┌────────

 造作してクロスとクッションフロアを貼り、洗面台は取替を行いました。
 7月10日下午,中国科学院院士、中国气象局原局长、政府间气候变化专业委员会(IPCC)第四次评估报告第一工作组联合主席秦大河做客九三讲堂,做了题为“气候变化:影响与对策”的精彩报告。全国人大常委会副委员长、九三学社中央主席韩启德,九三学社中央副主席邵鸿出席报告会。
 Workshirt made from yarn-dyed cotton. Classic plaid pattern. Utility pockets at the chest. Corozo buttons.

└────────
┌────────

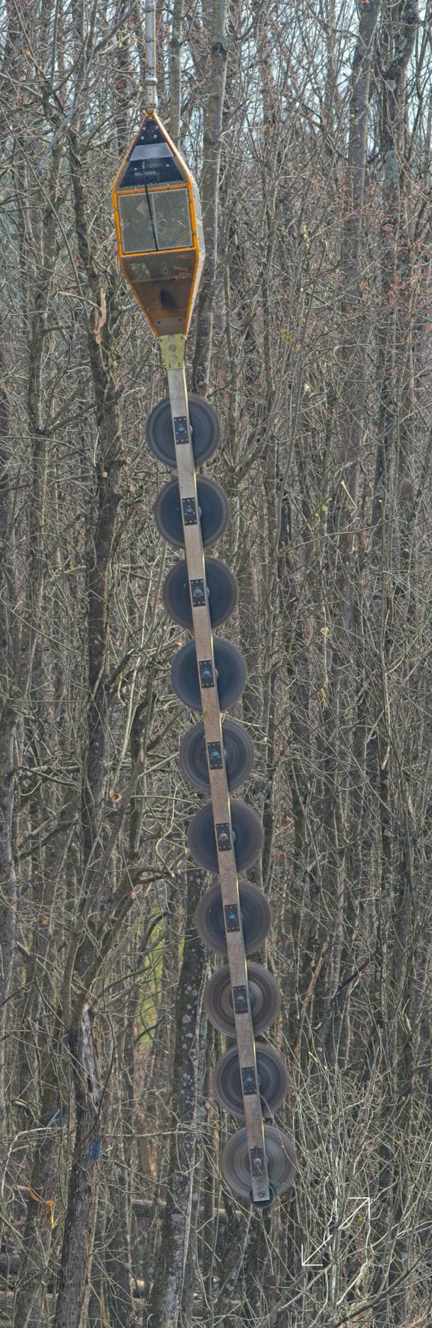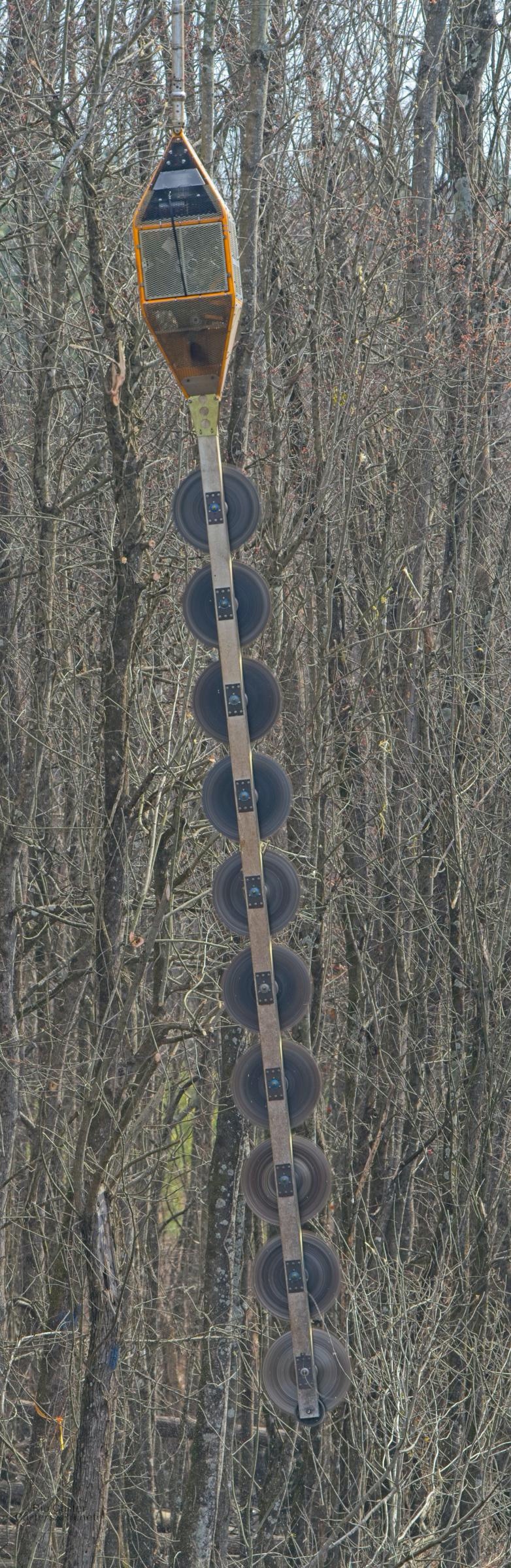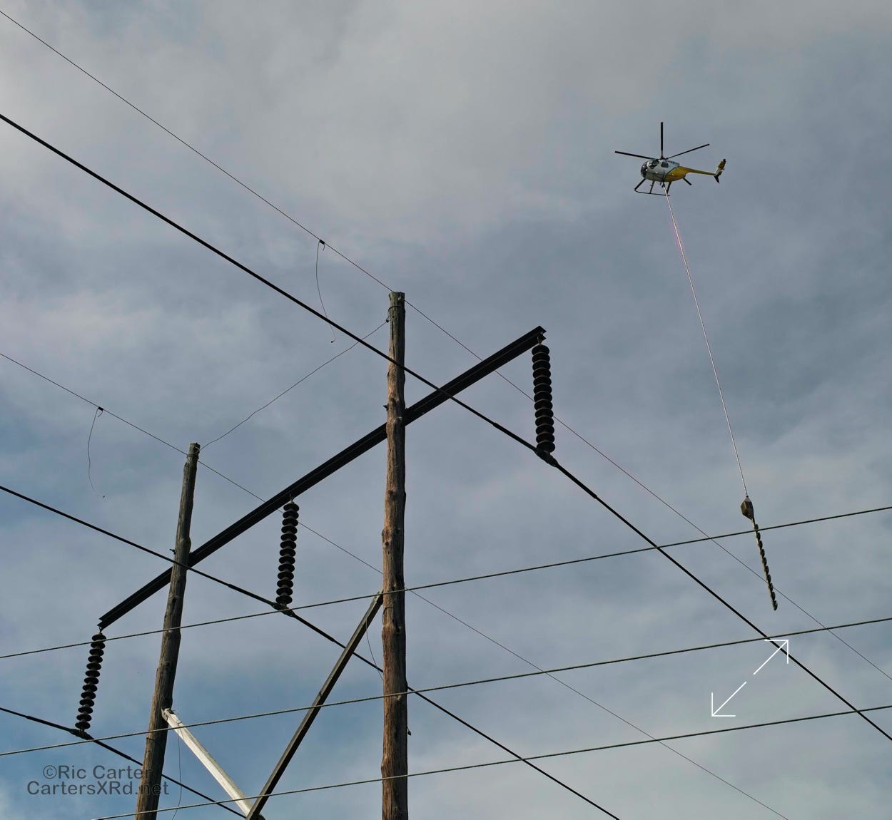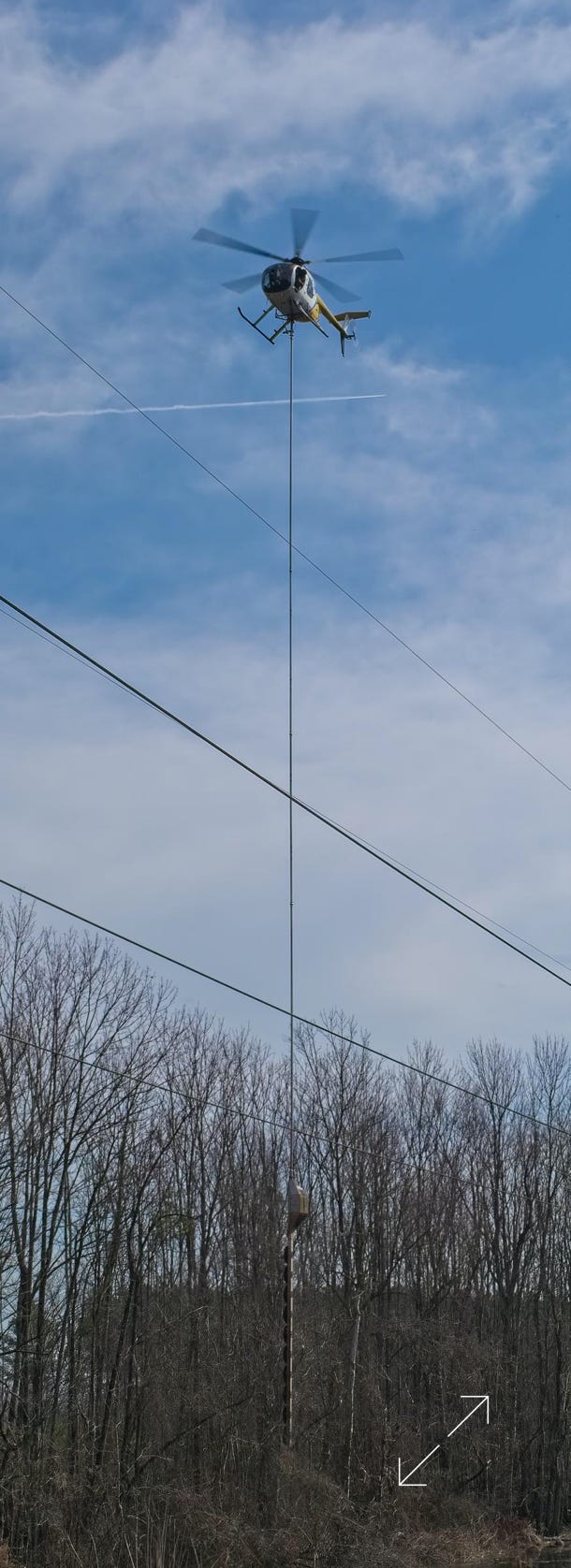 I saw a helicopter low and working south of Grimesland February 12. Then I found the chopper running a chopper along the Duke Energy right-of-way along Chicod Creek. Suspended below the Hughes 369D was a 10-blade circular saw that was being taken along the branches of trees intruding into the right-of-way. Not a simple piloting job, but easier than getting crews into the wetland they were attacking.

└────────
┌────────

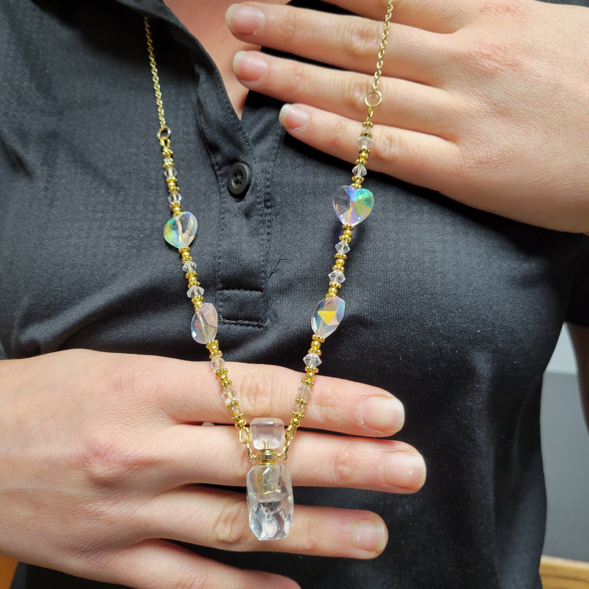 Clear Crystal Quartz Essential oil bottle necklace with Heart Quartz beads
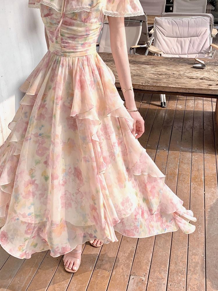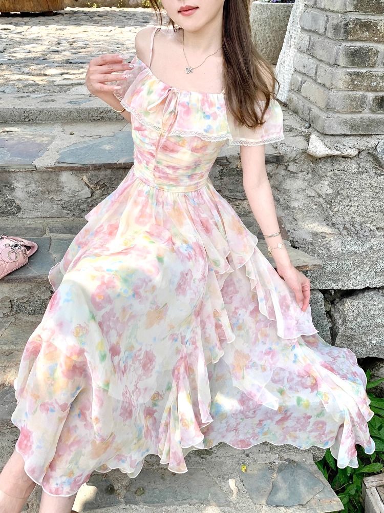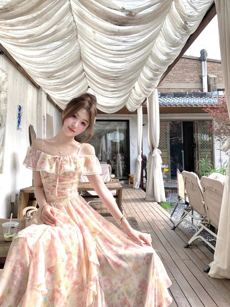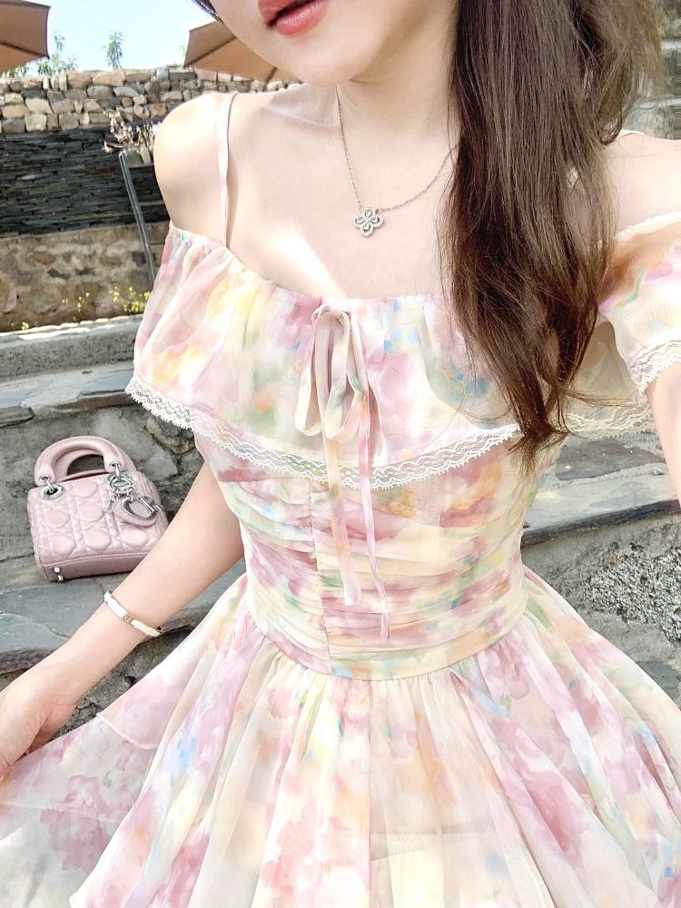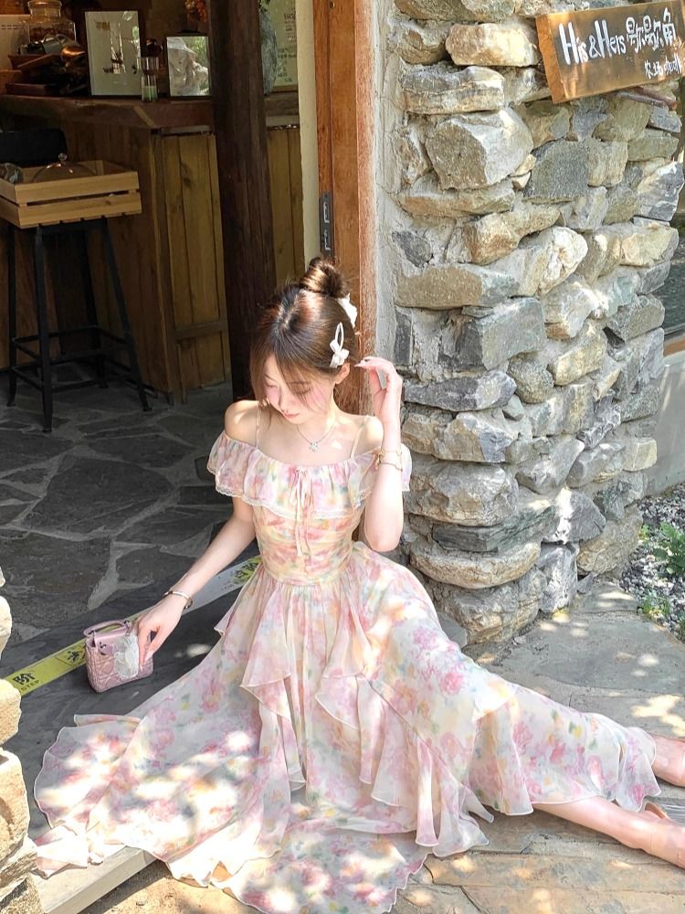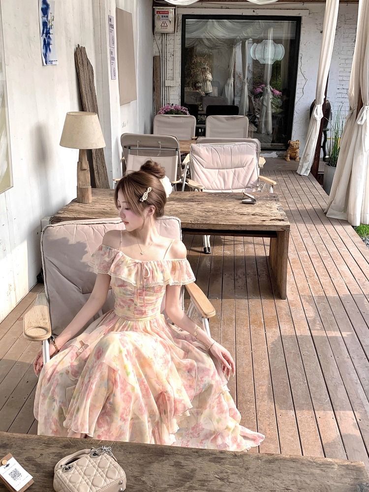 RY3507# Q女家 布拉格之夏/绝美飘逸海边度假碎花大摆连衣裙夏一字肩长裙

└────────

## TASK STATEMENT
Would you please copy exactly the part of the entries above that begins at the line containing "造作してクロスとクッションフロアを貼り、洗面台は取替を行いました。" and ends at the line containing "Workshirt made from", both lines included?

## OUTPUT
 造作してクロスとクッションフロアを貼り、洗面台は取替を行いました。
 7月10日下午,中国科学院院士、中国气象局原局长、政府间气候变化专业委员会(IPCC)第四次评估报告第一工作组联合主席秦大河做客九三讲堂,做了题为“气候变化:影响与对策”的精彩报告。全国人大常委会副委员长、九三学社中央主席韩启德,九三学社中央副主席邵鸿出席报告会。
 Workshirt made from yarn-dyed cotton. Classic plaid pattern. Utility pockets at the chest. Corozo buttons.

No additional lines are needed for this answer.